A sample edge feature generation unit, configured to add the generated camouflage edge feature to the initial edge feature x t(eij) element by element, and generate an edge feature of the new spoofing sample. If there is no edge between vi and vj in the original snapshot, then each bit in x t(eij) is filled with 0 s.
And a feature alignment unit, similar to the deletion operation, for aligning the edge features of the newly generated spoof sample with the node features to generate masquerading of the node. This process is shown in fig. 5 as , unlike the delete operation, the generic graph G is not updated.
Camouflaging the generated optimization objective. Camouflage behavior is from the point of view of the fraudster, i.e. avoiding being discovered at minimal cost. Intuitively, the more camouflage the cost will be. Based on this, the generator follows a basic principle of adding as little camouflage as possible to hide the collusion mode as much as possible. For this purpose, the objective function of the camouflage generation module consists of two parts. The first part is to compete with the arbiter, including maximizing fraud detection loss, fraud identification loss, and collusion loss. Considering camouflage costs, L1 regularization is used to ensure that only a small amount of camouflage is generated. The loss function of the masquerading generation module may be expressed as an equation shown in the following equation (7):
Wherein denotes a camouflage detection loss of the camouflage generation module,/> denotes a spatial collusion loss of the camouflage generation module,/> denotes a temporal collusion loss of the camouflage generation module,/> denotes a camouflage recognition loss of the camouflage generation module,/> denotes L1 regularization of the camouflage generation module for preventing overfitting, 4,5,6 and 7 being super parameters.

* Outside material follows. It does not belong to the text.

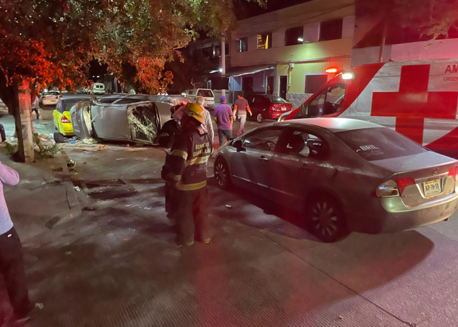 En cuestión de minutos, paramédicos de Cruz Roja y rescatistas urbanos de Bomberos de Guadalajara atendieron el siniestro. Se trató de la colisión entre Nissan Tiida y un Honda Civic. El Tiida, tras la colisión, acabó de lado y se estrelló contra un taxi estacionado.

The generated masquerading is further used as a supervision signal to optimize the masquerading identification module. The number of masquerading generated is small, resulting in an imbalance in the supervisory signal. This ensures that only a few edges are judged as camouflage edges by the camouflage recognition module, thereby keeping the camouflage recognition and camouflage generation consistent.
The fraud-indicating generation module 244 is configured to add the fraud-indicating content vector to the existing fraudster in an element-wise addition manner, and to compose a fraudster sample together with the content output by the fraud generation module 242.
In one embodiment of the invention, rather than having a corresponding masquerading recognition module as the masquerading generation module, optimization is performed by maximizing fraud detection loss and collusion loss only. The same regularization is used with L1. The overall loss function of the spurious generation module can be expressed as the following equation:
Where denotes a loss function showing a false generation module,/> denotes a false detection loss showing a false generation module,/> denotes a spatial collusion loss showing a false generation module,/> denotes a temporal collusion loss showing a false generation module, and 8 and 9 are hyper-parameters. Up to this point, the overall loss of the generator is:
The antagonism optimization process of the discriminators and generators is exemplified below.
The generator competes with the arbiter in two ways. In one embodiment of the present invention, the network platform fraud detection system 200 further includes a challenge optimization module (not shown) for identifying the masquerading generated by the masquerading generation module by the masquerading identification module 224; and detecting a fraudster in the fraudster sample by the spoof identification module 224 and the fraud detection module 226.
First, the camouflage generation module directly outputs camouflage. Its opponent, the disguise identification module, attempts to identify the disguise generated by the disguise generation module. From an optimization perspective, given the population division C, by fixing 2, the camouflage generation module optimizes by maximizing collusion losses and/> and maximizing camouflage recognition losses/> to be detrimental to the camouflage recognition module. The pseudo-generation module is shown to optimize by maximizing collusion losses/> and/> . Instead, by fixing , the camouflage identification module optimizes 2 by minimizing collusion losses/> and/> and minimizing camouflage identification losses/> .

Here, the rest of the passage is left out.